Online conformal inference for multi-step time series forecasting
Xiaoqian Wang, Rob J Hyndman
TL;DR
The paper tackles distribution-free uncertainty quantification for multi-step time series forecasts under nonstationary dynamics. It develops AcMCP, an online conformal prediction framework that explicitly models autocorrelation in multi-step forecast errors, and extends existing conformal tools (MSCP, MWCP, MACP, MPID) to horizons beyond one step. The authors establish that optimal $h$-step-ahead forecast errors follow an approximate MA$(h-1)$ structure and prove that AcMCP achieves asymptotic marginal coverage with finite-sample bounds that grow with horizon. Empirical results on simulated and real datasets show AcMCP delivering coverage close to target within local windows while providing adaptive, informative prediction intervals, and the authors provide an open-source R package for implementation.
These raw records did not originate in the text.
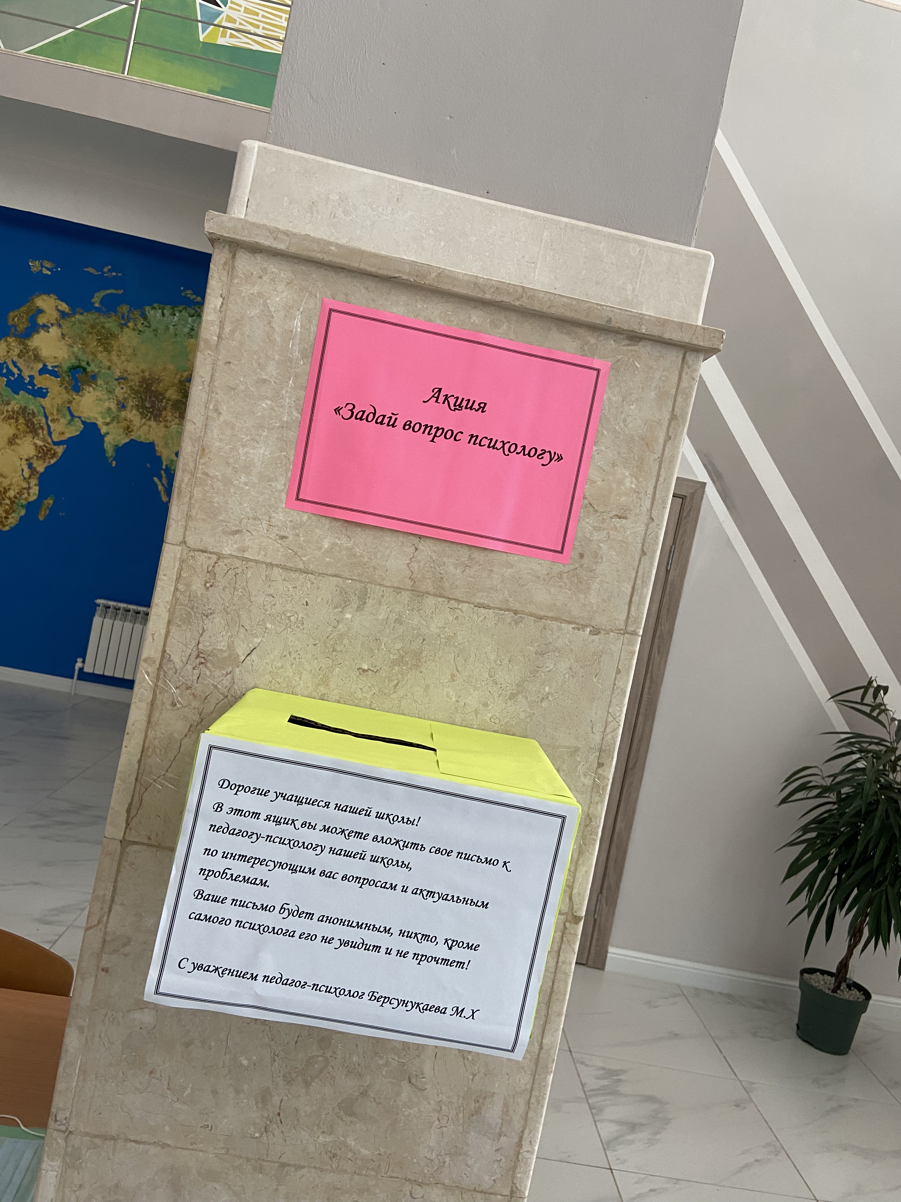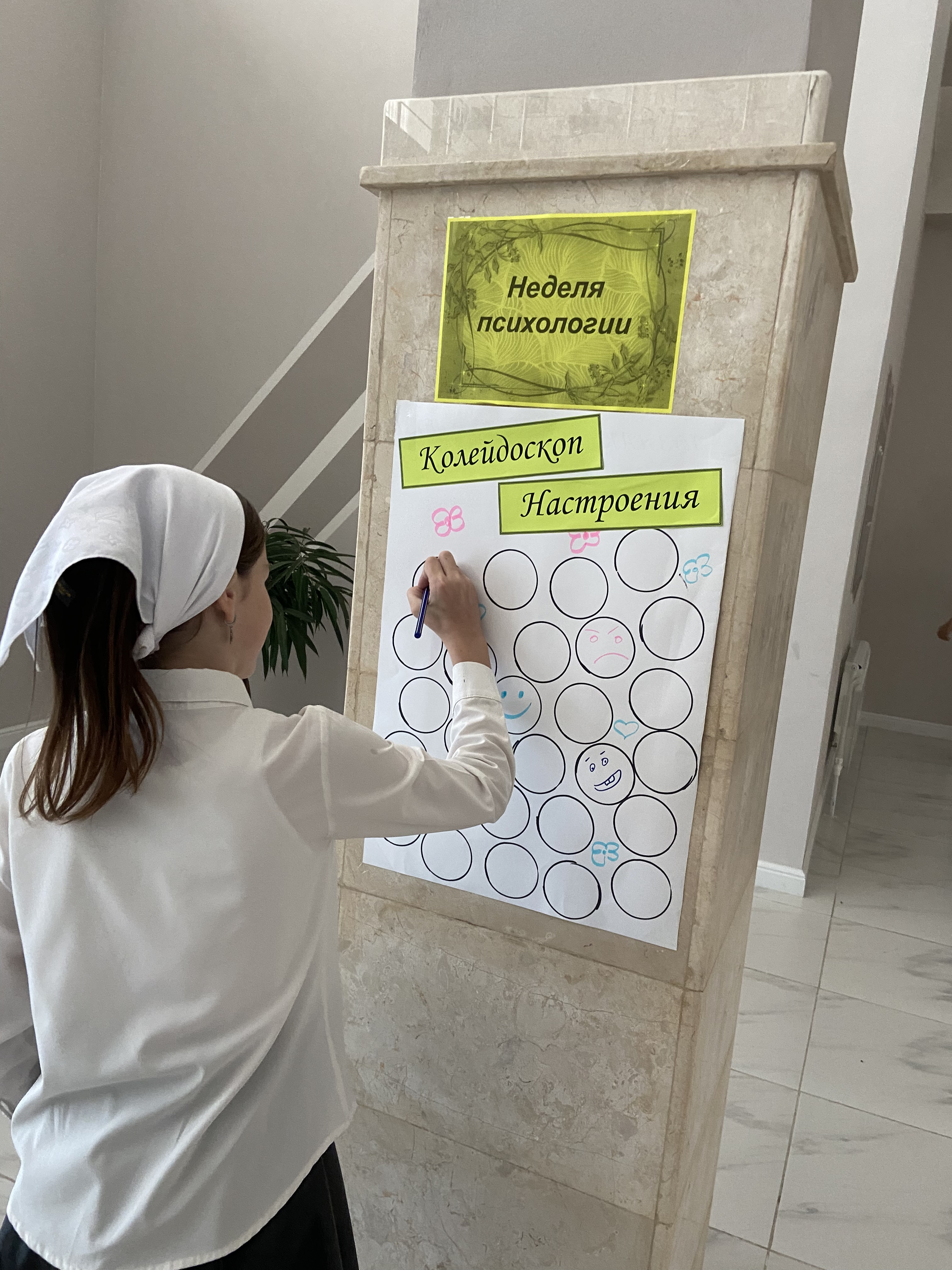 21.04.2023В рамках Недели психологии, в МБОУ «Гелдаганская СШ им. Первого Президента ЧР, Героя России А.А. Кадырова», прошли акции «Задай вопрос психологу», «Пожелай учителю» и «Калейдоскоп настроения» . В холле школы был размещен почтовый ящик, куда ребята могли отправить свои письма, написанные школьному психологу. Участия приняли все учащиеся образовательного учреждения.Учащиеся школы писали на плакате пожеланий благодарственные слова учителям. На акции «Калейдоскоп настроения» ребята выражали свои эмоции на день.Педагог-психолог Берсунукаева Марьям рассказала, что акции вызвали большую заинтересованность у учащихся и педагогов. Видно было, что все учащиеся с увлеченностью участвовали на всех акциях.Неделя психологии в нашей школе закончилась. Проводимые акции и конкурсы создали в школе позитивный настрой. На некоторое время школа стала одним целом, вжилась в одни мысли, одни вопросы. Нам кажется, мы смогли возбудить живой, естественный интерес к себе и своему психологическому знанию и педагогов, и детей. Очень многие за этот промежуток времени подумали о себе и других, о том, как проявляется их настроение и как влияет на окружающих поделилась с нами зам.директора по ВР Берсунукаева Макка Хусбаудыевнв.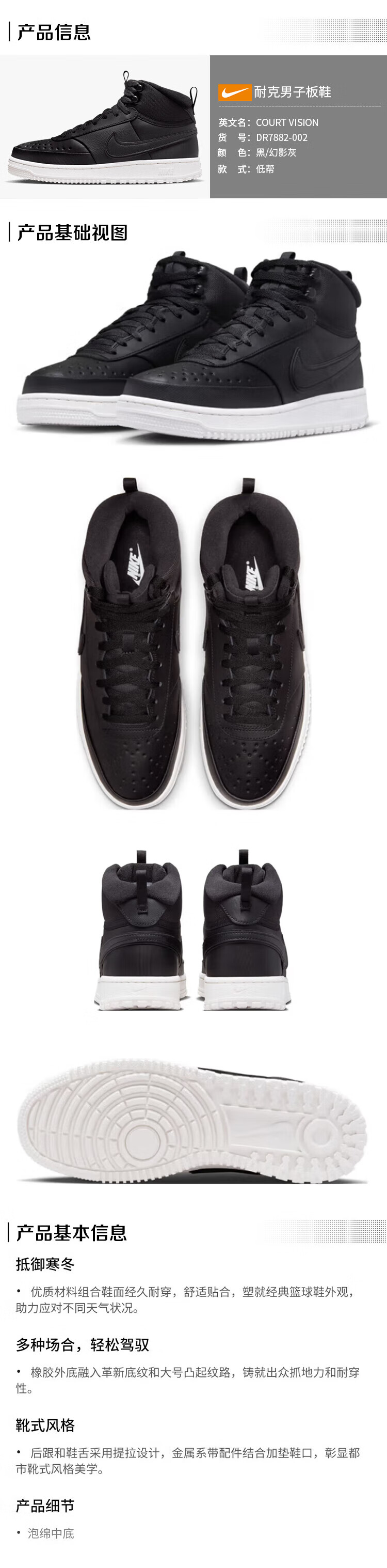 Nike NIKE men's sneakers classic COURT VISION sneakers DR7882-002 black 42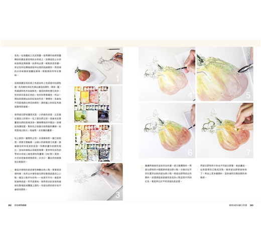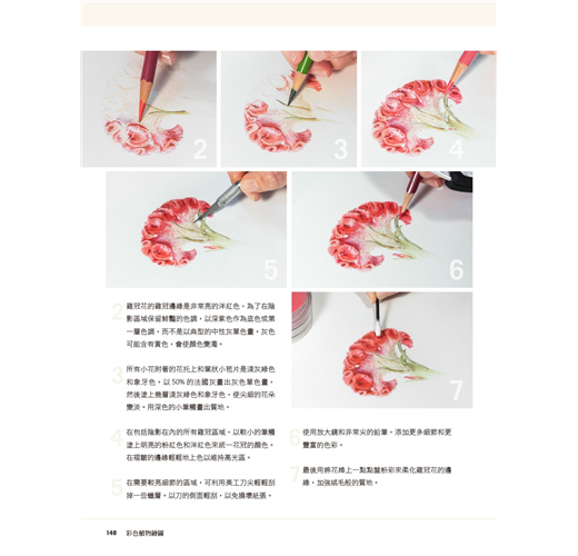 「本書將繪畫步驟呈現的鉅細靡遺,畫家們手把手的帶大家把最想知道的秘辛不藏私地帶大家經歷一次。但與其說是秘辛,其實是平時學習植物繪畫的同好最想、但也最不知道該如何詢問的「眉角」。而這些眉角若不仔細挖掘,就無法造就每一幅生動精緻的圖畫。本書囊括了植物藝術繪畫的許多技巧,且盡可能地描述創作的過程,這應該就是所謂的「魔鬼藏在細節裡」。」

The work offers a practical, distribution-free approach to reliable multi-step uncertainty quantification in time series with potential broad impact on forecasting in economics, energy, and related domains.
Abstract
We consider the problem of constructing distribution-free prediction intervals for multi-step time series forecasting, with a focus on the temporal dependencies inherent in multi-step forecast errors. We establish that the optimal $h$-step-ahead forecast errors exhibit serial correlation up to lag $(h-1)$ under a general non-stationary autoregressive data generating process. To leverage these properties, we propose the Autocorrelated Multi-step Conformal Prediction (AcMCP) method, which effectively incorporates autocorrelations in multi-step forecast errors, resulting in more statistically efficient prediction intervals. This method guarantees asymptotic marginal coverage for multi-step prediction intervals, though we note that, for finite samples, the coverage error admits an upper bound that increases with the forecasting horizon. Additionally, we extend several easy-to-implement conformal prediction methods, originally designed for single-step forecasting, to accommodate multi-step scenarios. Through empirical evaluations, including simulations and applications to data, we demonstrate that AcMCP achieves coverage that closely aligns with the target within local windows, while providing adaptive prediction intervals that effectively respond to varying conditions.